When Learning Meets Dynamics: Distributed User Connectivity Maximization in UAV-Based Communication Networks

TL;DR

This paper introduces a distributed deep reinforcement learning framework for maximizing user connectivity in UAV-based communication networks, effectively handling network dynamics and UAV mobility through novel algorithms and information exchange strategies.

Contribution

It proposes DUCM-1 and DUCM-2 algorithms within a multi-agent deep Q learning framework, addressing the challenges of dynamics and information exchange in UAV networks.

Findings

Exchanging state information improves convergence.

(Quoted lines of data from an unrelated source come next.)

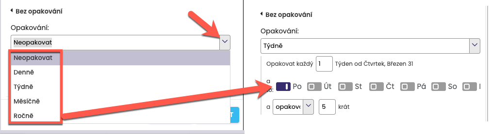 After selecting a recurrence, for example Weekly, you will be asked by the system to specify the frequency in more detail.
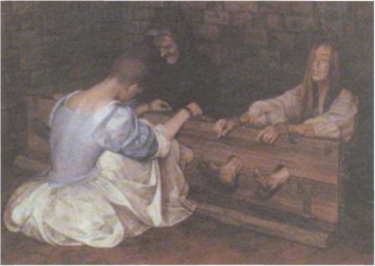 Жанна д'Арк, другая знаменитая узница, тоже имела возможность сохранить жизнь отречением от своих взглядов. Мы помним, что эта отважная девушка выбрала пламя костра. Её вела любовь к «милой Франции». Находясь в руках своих врагов. Жанна приняла немало мук. После неудачной попытки побега её заперли в особую железную клетку, где она могла только стоять, прикованная за шею, руки и ноги. Позже, когда условия слегка смягчили. Жанна жаловалась церковным судьям на тяжесть цепей, которые не снимали с её ног даже во время болезни.
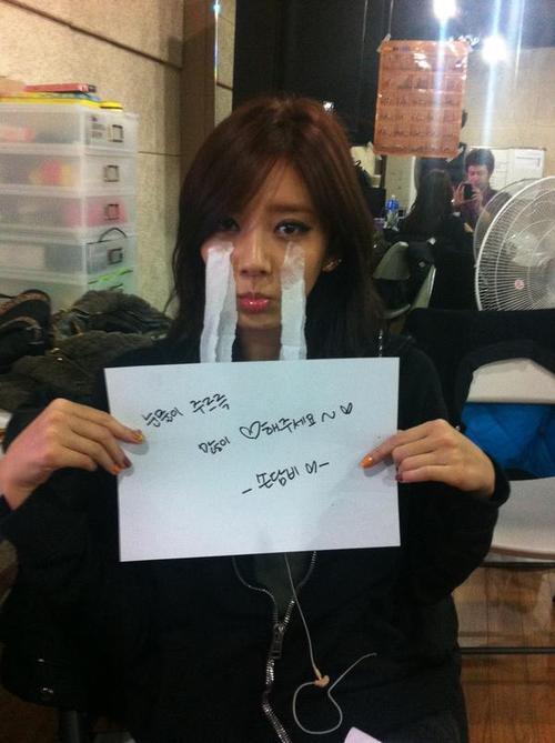 공개된 사진 속 손담비는 얼굴에 휴지를 붙인 채 눈물을 흘리는 듯한 장면을 연출했다. 손에 든 종이에는 "'눈물이 주르륵' 많이 사랑해주세요~"라는 문구가 적혀있다.
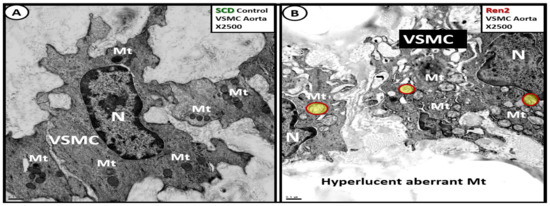 The vascular tunica media, which contains vascular smooth muscle cell(s) (VSMCs) depict aMt remodeling when there are cellular stressors such as hypertension, insulin resistance, and impaired glucose tolerance as occurs in the Ren2 descending aorta tunica media VSMCs (Figure 20) [66].
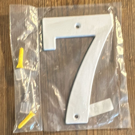 White house number "7". Includes mounting accessories for easy installation on wall or door. Height: 14 cm
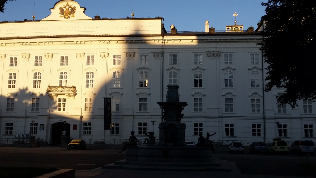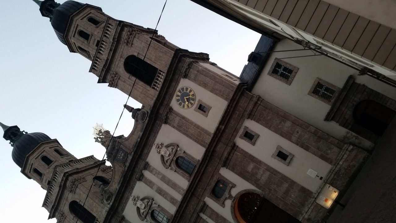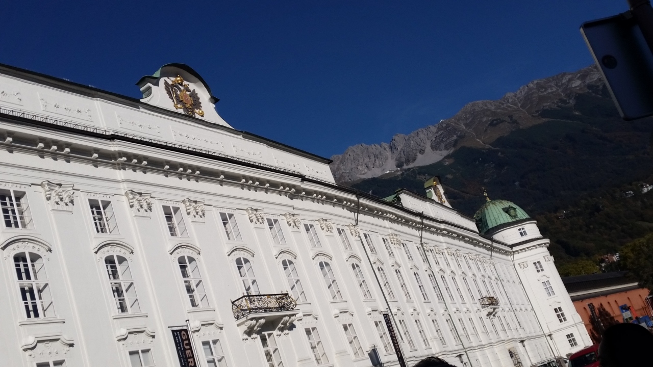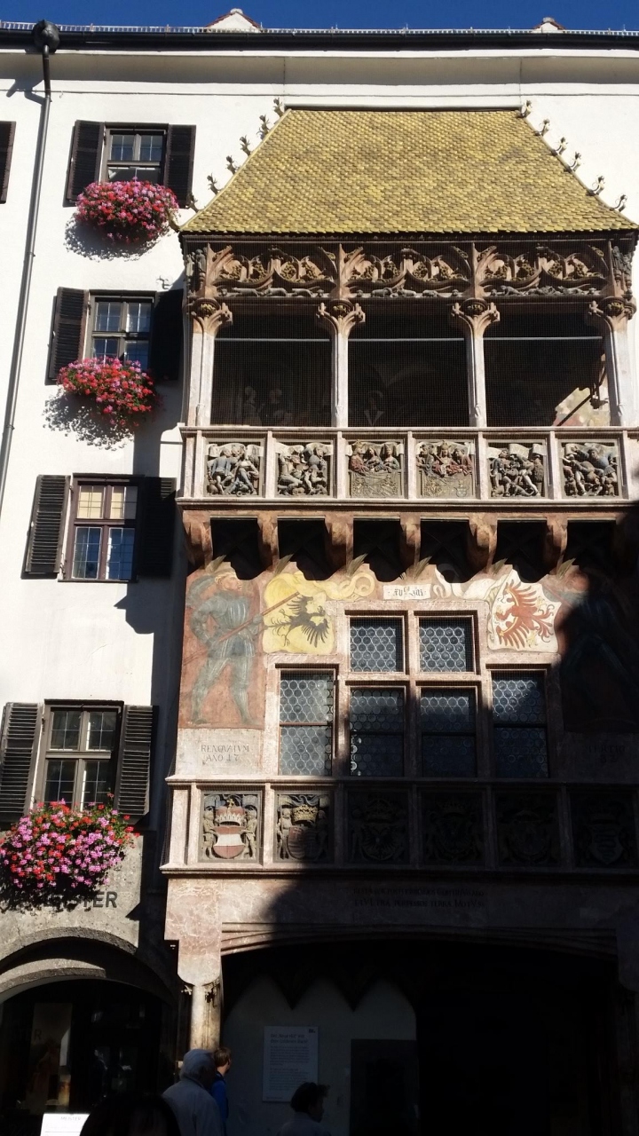 ツアーで訪問しました。マクシミリアン1世が広場の行事を見学するために1496年に造らせたバルコニーです。銅板に金箔をはった瓦が2657枚も貼られ、金色に光っています。観光客が大勢ここで写真を撮っていて、大変賑やかです。
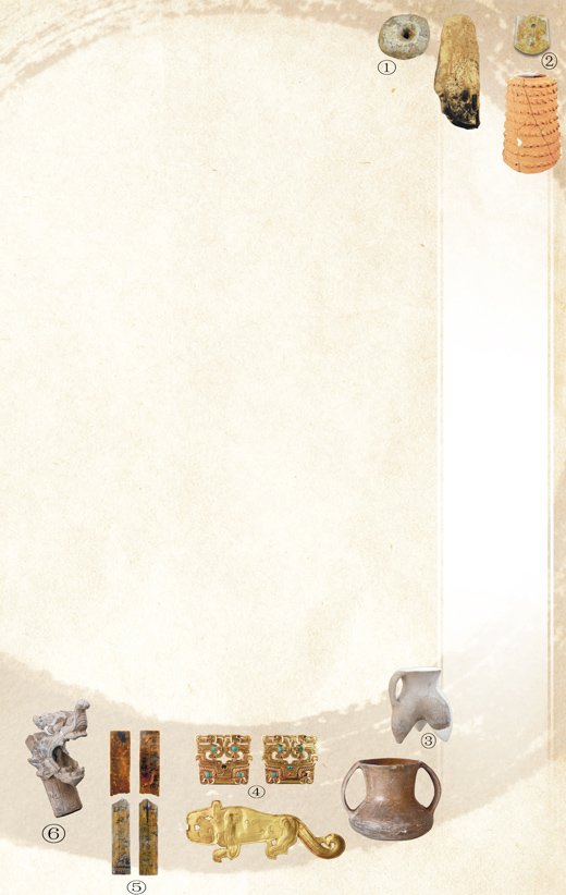 圖②:湖北沙洋縣城河新石器時(shí)代遺址出土的石鉞、陶筒形器。

DUCM-2 effectively manages UAV dynamics.

The proposed methods outperform baseline approaches.

Abstract

Distributed management over Unmanned Aerial Vehicle (UAV) based communication networks (UCNs) has attracted increasing research attention. In this work, we study a distributed user connectivity maximization problem in a UCN. The work features a horizontal study over different levels of information exchange during the distributed iteration and a consideration of dynamics in UAV set and user distribution, which are not well addressed in the existing works. Specifically, the studied problem is first formulated into a time-coupled mixed-integer non-convex optimization problem. A heuristic two-stage UAV-user association policy is proposed to faster determine the user connectivity. To tackle the NP-hard problem in scalable manner, the distributed user connectivity maximization algorithm 1 (DUCM-1) is proposed under the multi-agent deep Q learning (MA-DQL) framework. DUCM-1 emphasizes on designing different information exchange levels and evaluating how they impact the learning convergence with stationary and dynamic user distribution. To comply with the UAV dynamics, DUCM-2 algorithm is developed which is devoted to autonomously handling arbitrary quit's and join-in's of UAVs in a considered time horizon. Extensive simulations are conducted i) to conclude that exchanging state information with a deliberated task-specific reward function design yields the best convergence performance, and ii) to show the efficacy and robustness of DUCM-2 against the dynamics.